▶ **Work item**:
Leaving out only the pictures, write out all the entries exactly.
Segment Open
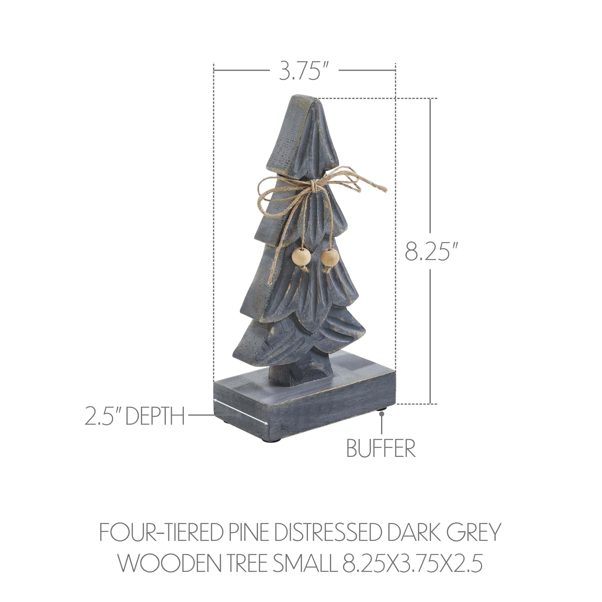 Four-Tiered Pine Distressed Dark Grey Wooden Tree Small 8.25x3.75x2.5
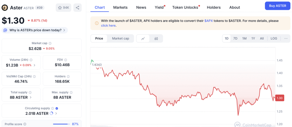 After a period of notable strength, Aster’s recent pullback indicates a temporary fatigue in its upward momentum. The token’s price, which had previously stabilized above $1.55 earlier in the week, is now encountering fresh challenges as it approaches lower support levels.
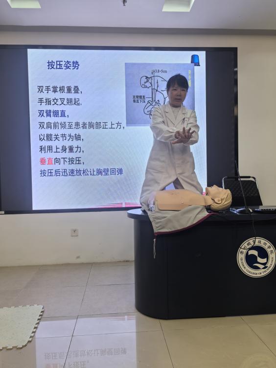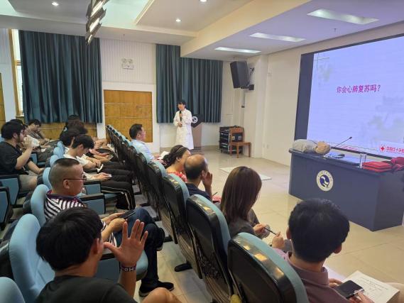 培训现场,吴秀仙老师以暑期常见突发场景为切入点,系统梳理了溺水、中暑、异物卡喉等安全风险的预防要点,着重强调“预防为先、科学施救”的安全理念。围绕心肺复苏(CPR)与自动体外除颤器(AED)的使用、海姆立克急救法三大核心技能,她通过“理论讲解+场景演示”的方式展开教学。
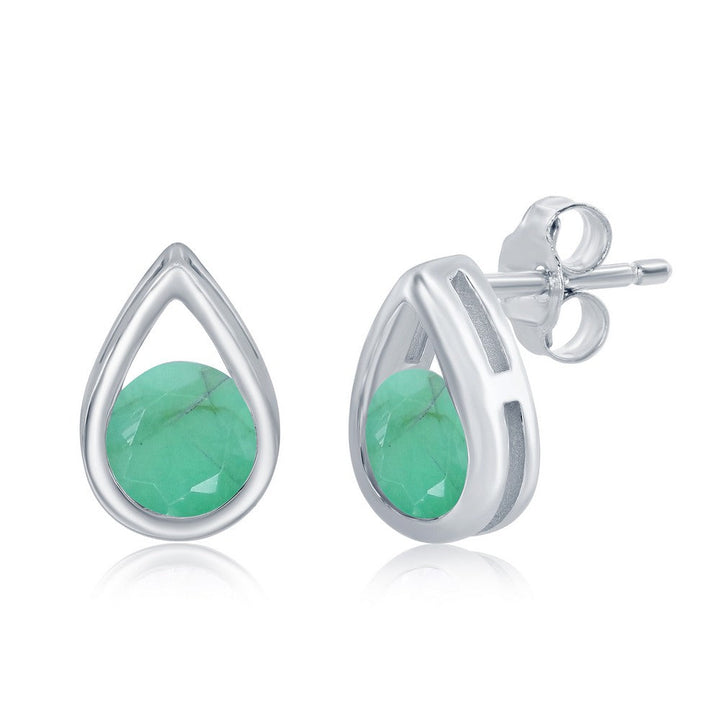 Sterling Silver Pearshaped Earrings W/Round 'May Birthstone' Gemstone Studs - Emerald
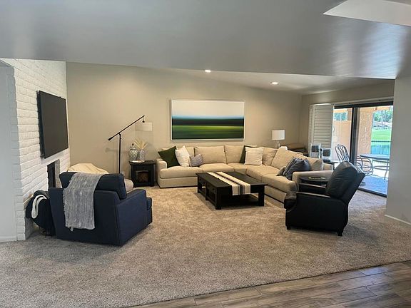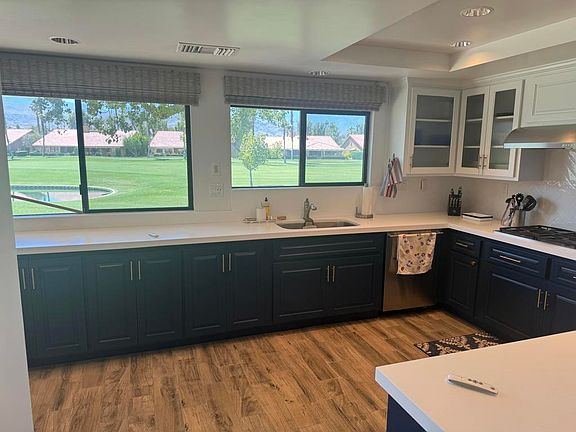 MUCH SOUGHT AFTER LOCATION!VIEWS, VIEWS, VIEWS!West mountain, fairway and lake, simply one of THE BESTDesert landscape with extended, tiled patio. TOTALLY REMODELED in 2021- wood plank style flooring, stainless appliances, gas cooktop, quartz countertops, shutters, bright white bathrooms with large showers, epoxy garage floor and TURNKEY FURNISHED!
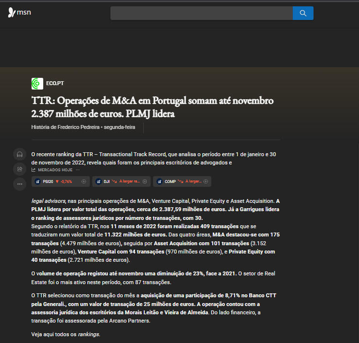 TTR: Operações de M&A em Portugal somam até novembro 2.387 milhões de euros. PLMJ lidera
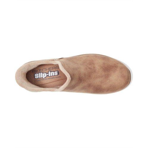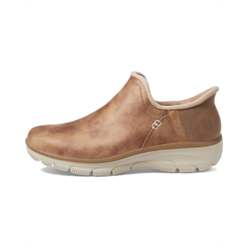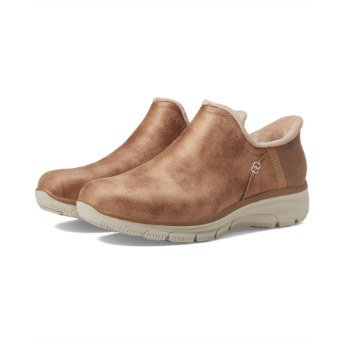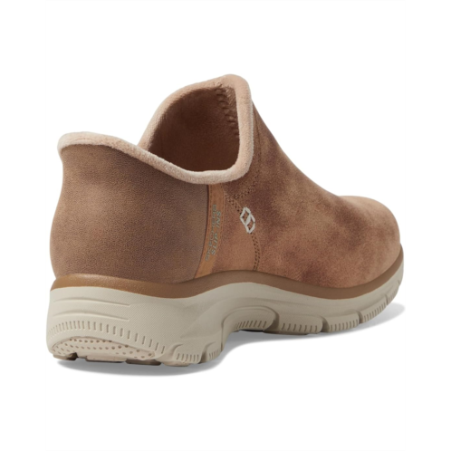 - Let your feet feel in comfort by wearing the SKECHERS Easy Going - Modern Hour - Hands Free Slip-Ins shoes. The boots are designed with exclusive Heel Pullow technology for maximum comfort. The round-toe hiker bootie style features a 3M Scotchgard treated synthetic upper with a faux-fur trim, and a cushioned Skechers Air-Cooled Memory Foam insole.
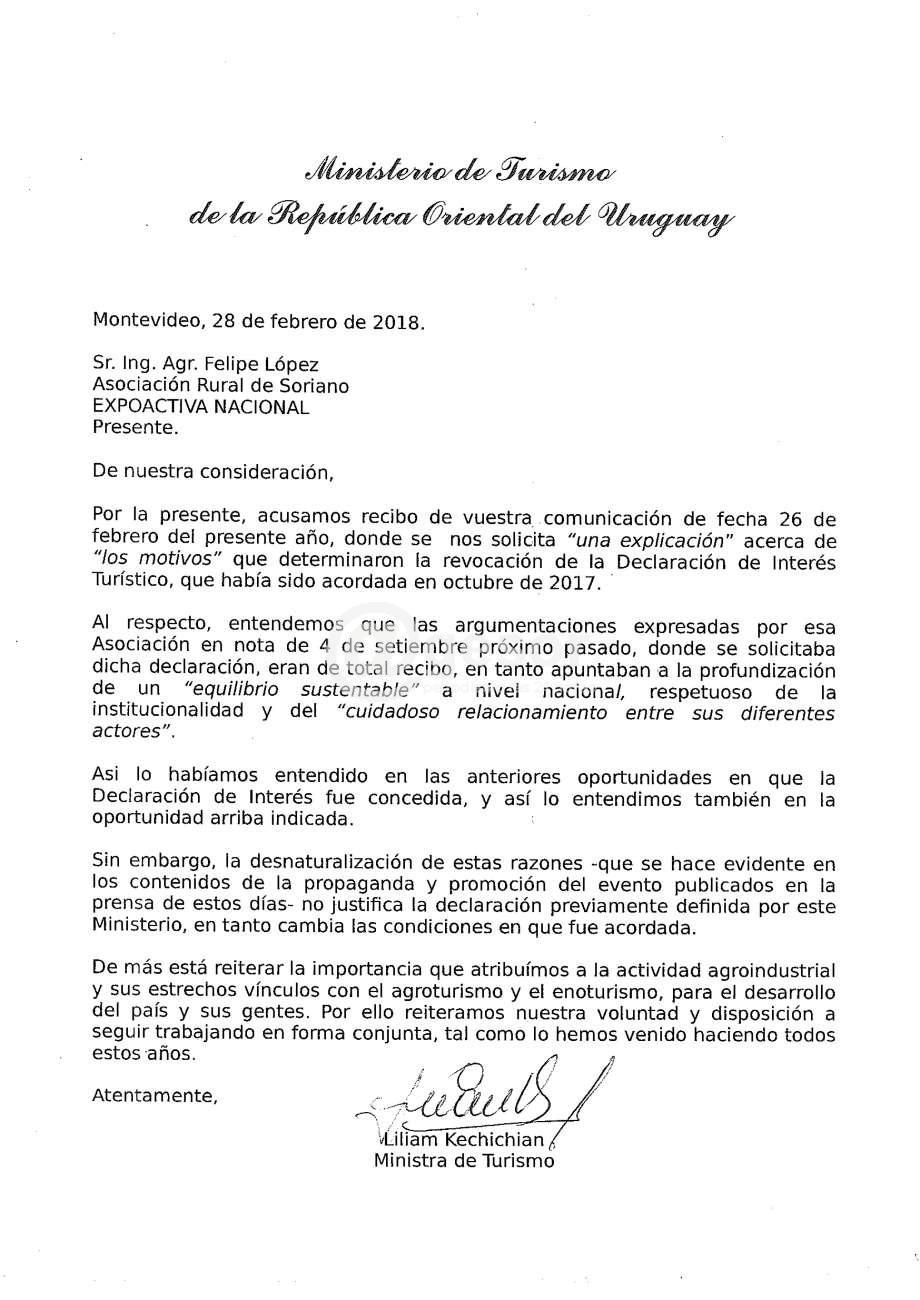El texto de la carta enviada al Presidente de la ARS, Ing. Agr. Felipe López expresa: "Por la presente, acusamos recibo de vuestra comunicación de fecha 26 de febrero del presente año, donde se nos solicita "una explicación" acerca de "los motivos" que determinaron la revolcación de la Declaración de Interés Turistico, que había ido acordada en octubre de 2017.
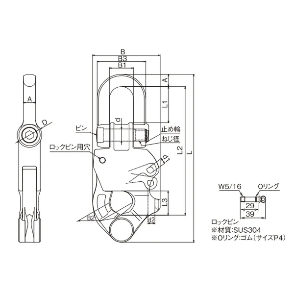 ※材質:SUS304 ※Oリング:ゴム(サイズP4)
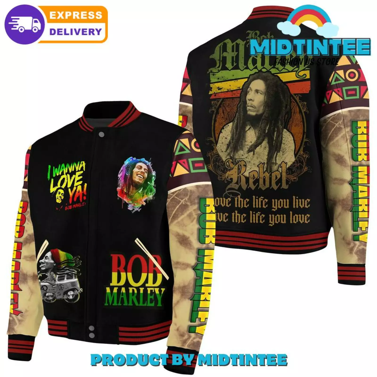 Bob Marley I Wanna Love Ya Baseball Jacket HG
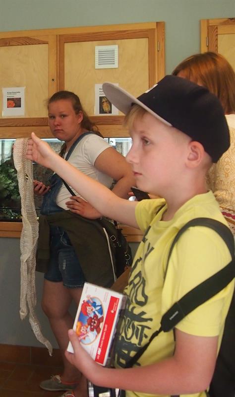 Gdy pani wyciągała karaczana, musieliśmy być cichutko, bo one nie lubią hałasu. Na koniec mogliśmy potrzymać skórę węża. Przypominała papier. Świat owadów jest pasjonujący, a skóra węża okropna.
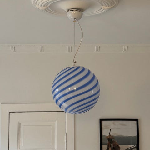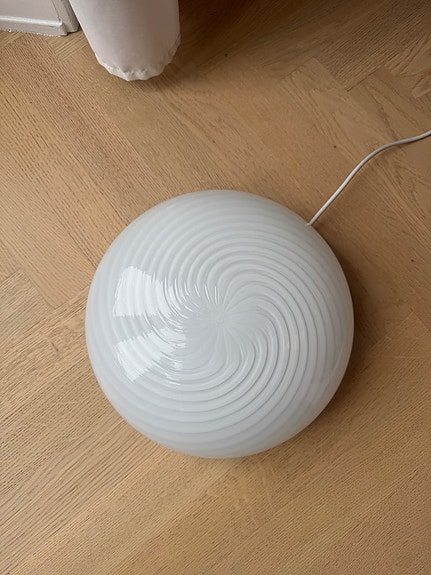 Stor Murano pendel m. gul swirl, 40 cm
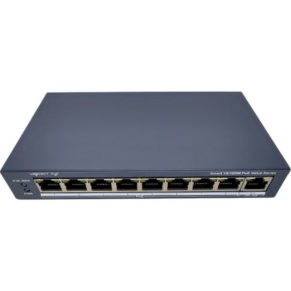 Puertos: 8x puertos PoE de 10/100 Mbps, 1x puerto RJ45 de 10/100 Mbps
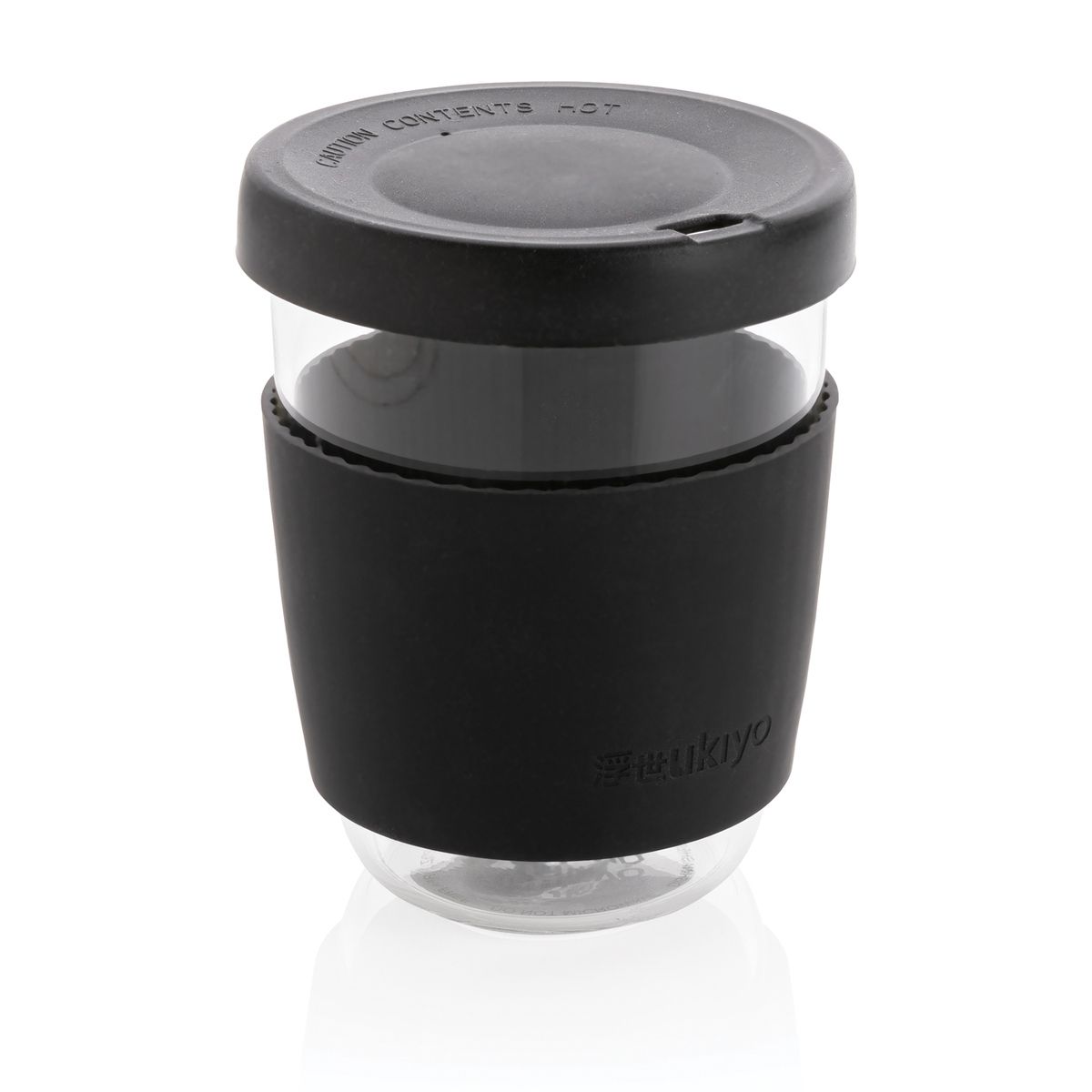 Наслаждайтесь любимыми напитками с помощью этого стильного стакана Ukiyo из боросиликатного стекла с силиконовой крышкой и держателем. Минималистичный дизайн и удобство использования. Небольшое отверстие в крышке сделано специально для отведения пара. Не содержит BPA. Объем 360 мл.
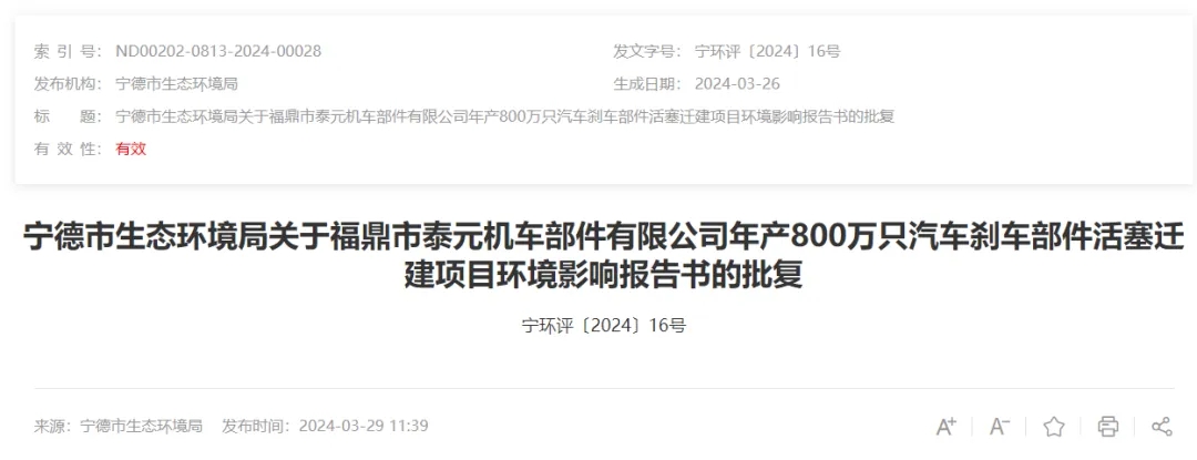 你公司報送的《福鼎市泰元機車部件有限公司年產800萬只汽車剎車部件活塞遷建項目環境影響報告書》(項目代碼:2020-350982-36-03-066495,以下簡稱《報告書》)和要求審批的申請表收悉。根據報告書結論、技術審查會專家組審查意見,現對報告書批復如下:
Segment Closed
▶ **Response area**:
 Four-Tiered Pine Distressed Dark Grey Wooden Tree Small 8.25x3.75x2.5
 After a period of notable strength, Aster’s recent pullback indicates a temporary fatigue in its upward momentum. The token’s price, which had previously stabilized above $1.55 earlier in the week, is now encountering fresh challenges as it approaches lower support levels.
 培训现场,吴秀仙老师以暑期常见突发场景为切入点,系统梳理了溺水、中暑、异物卡喉等安全风险的预防要点,着重强调“预防为先、科学施救”的安全理念。围绕心肺复苏(CPR)与自动体外除颤器(AED)的使用、海姆立克急救法三大核心技能,她通过“理论讲解+场景演示”的方式展开教学。
 Sterling Silver Pearshaped Earrings W/Round 'May Birthstone' Gemstone Studs - Emerald
 MUCH SOUGHT AFTER LOCATION!VIEWS, VIEWS, VIEWS!West mountain, fairway and lake, simply one of THE BESTDesert landscape with extended, tiled patio. TOTALLY REMODELED in 2021- wood plank style flooring, stainless appliances, gas cooktop, quartz countertops, shutters, bright white bathrooms with large showers, epoxy garage floor and TURNKEY FURNISHED!
 TTR: Operações de M&A em Portugal somam até novembro 2.387 milhões de euros. PLMJ lidera
 - Let your feet feel in comfort by wearing the SKECHERS Easy Going - Modern Hour - Hands Free Slip-Ins shoes. The boots are designed with exclusive Heel Pullow technology for maximum comfort. The round-toe hiker bootie style features a 3M Scotchgard treated synthetic upper with a faux-fur trim, and a cushioned Skechers Air-Cooled Memory Foam insole.
El texto de la carta enviada al Presidente de la ARS, Ing. Agr. Felipe López expresa: "Por la presente, acusamos recibo de vuestra comunicación de fecha 26 de febrero del presente año, donde se nos solicita "una explicación" acerca de "los motivos" que determinaron la revolcación de la Declaración de Interés Turistico, que había ido acordada en octubre de 2017.
 ※材質:SUS304 ※Oリング:ゴム(サイズP4)
 Bob Marley I Wanna Love Ya Baseball Jacket HG
 Gdy pani wyciągała karaczana, musieliśmy być cichutko, bo one nie lubią hałasu. Na koniec mogliśmy potrzymać skórę węża. Przypominała papier. Świat owadów jest pasjonujący, a skóra węża okropna.
 Stor Murano pendel m. gul swirl, 40 cm
 Puertos: 8x puertos PoE de 10/100 Mbps, 1x puerto RJ45 de 10/100 Mbps
 Наслаждайтесь любимыми напитками с помощью этого стильного стакана Ukiyo из боросиликатного стекла с силиконовой крышкой и держателем. Минималистичный дизайн и удобство использования. Небольшое отверстие в крышке сделано специально для отведения пара. Не содержит BPA. Объем 360 мл.
 你公司報送的《福鼎市泰元機車部件有限公司年產800萬只汽車剎車部件活塞遷建項目環境影響報告書》(項目代碼:2020-350982-36-03-066495,以下簡稱《報告書》)和要求審批的申請表收悉。根據報告書結論、技術審查會專家組審查意見,現對報告書批復如下:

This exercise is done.